Just got back from my first trip to Tinseltown, an appropriate name given I was there Christmas week.
Not for business, just a touristy thing.
Warners Bros studio tour – great. Cirque du Soleil IRIS show – amaze balls!!! (and John Stamos was there too – that guy is ridiculous handsome, one look in his eyes and I… sorry, drifted off there – now I know what it feels like to be a UFO abductee or one my roofied Craigslist dates).
But by far, the best experience was a taping of 2 Broke Girls. Not because I’m a fan (I prefer single cam comedies) but to watch the process, up close, from two rows back.
It was a ‘special episode’, Valentine’s Day. I wanted to hear myself on TV, so I tried to laugh really loud at the lamer jokes, but it turns out that America loves them, so I was always drowned out (only now do I realize that maybe my taste in humor is out of sync with the majority, which is why I’m here typing a blog and not working in LA – world… crashing… illusions… shattered – let me have a moment…)

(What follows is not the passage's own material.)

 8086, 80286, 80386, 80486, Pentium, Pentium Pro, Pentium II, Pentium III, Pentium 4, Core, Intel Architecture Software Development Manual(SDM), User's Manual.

Okay, took my St. John’s Wart and Ginseng – not really working, but it is fun typing with an erection – though really slow.
As for the show, I spent less time watching the actors than observing the staff, particularly the showrunner, director and writers. Which I’m sure was scary for them – I caught several of them looking at me when the rest of the crowd was watching the show. I’m sure the mixture of drool and envy was not pretty.

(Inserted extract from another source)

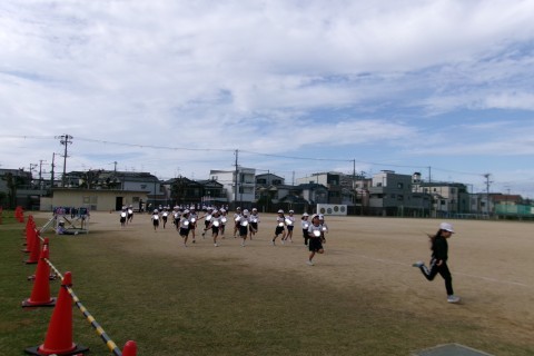 かけあし記録会の練習をしていました。まだはじめてなので,自分のペースがわからず,最後は歩いてしまっている人もいました。自分のペースで最後まで走ることが大切です。本番までかけあし朝会で自分のペースをつかんでくださいね。

Observations from this show:
– just as you expect, all the key people crowded the monitors during every take – and frequently looked into the audience to see how we were really reacting
– on this set, the showrunner (Michael Patrick King) was incredibly involved during taping – directing as much as the actual director and changing up jokes on the fly (or so it appeared)
– when they finished their primary take (and safety), they often did a single of an alternative joke, which for me, was always the funniest one – don’t know if this was for the show or just to keep the audience involved – would love to get an answer on that
– speaking of involved – the show took almost 6 hours to tape – the warm up guy really worked the crowd to keep them ‘up’ for the entire show – that role is really unsung, because with seating worse than a cut-rate airline, I would have fallen asleep, mostly due to asphyxiation
– there was a mixture of twenty-something writers (one asian male, one white female) and several 30/40 something writers, mostly women – no African Americans though – could not tell which ones were the permies and which were the consultants (not much info on IMDB to help)

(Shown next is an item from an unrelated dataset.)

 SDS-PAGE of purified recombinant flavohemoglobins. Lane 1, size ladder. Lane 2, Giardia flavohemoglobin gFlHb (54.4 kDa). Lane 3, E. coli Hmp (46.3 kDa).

– I loved playing the game of who wrote what joke or scene. I could usually tell it was theirs by the intensity of involvement when watching the scene or laughter at their own material – and their non-interest when it wasn’t. Only a few times did I observe back slapping when a joke landed, or the scene worked. Or when the showrunner’s joke landed – lots of congrats when that happened. Guess that’s the competitive part of being on a writing team
– both the crew and cast were losing their focus towards the end – a lot more flubs, slow setup, excessive talking/giggling prior to the next shot – this is the same experience I’ve had on many short film sets – nice to know the big leagues have the same problem
– Kat Dennings, the most experienced actress on set, was much more comfortable pushing back on the director/showrunner or giving the other actor’s notes between takes – while for the other actors, they took more of a back seat to the process
I think the best thing I took away from this was how much my own film experience (multiple short films here in Balto the last seven years, as producer/writer/director/pa) was similar to what I observed in LA. Makes me less intimidated and feel more prepared for a career in film or TV.
As fun as this was, I left LA with a real sense of longing, sitting within literal feet of the job I so desire. If only I had that shapeshifting device from Fringe to swap places with one of those writers – of course, I would need mercury blood and the writer would have to be murdered, but that’s a trade-off in this biz, at least according to the movie The Player.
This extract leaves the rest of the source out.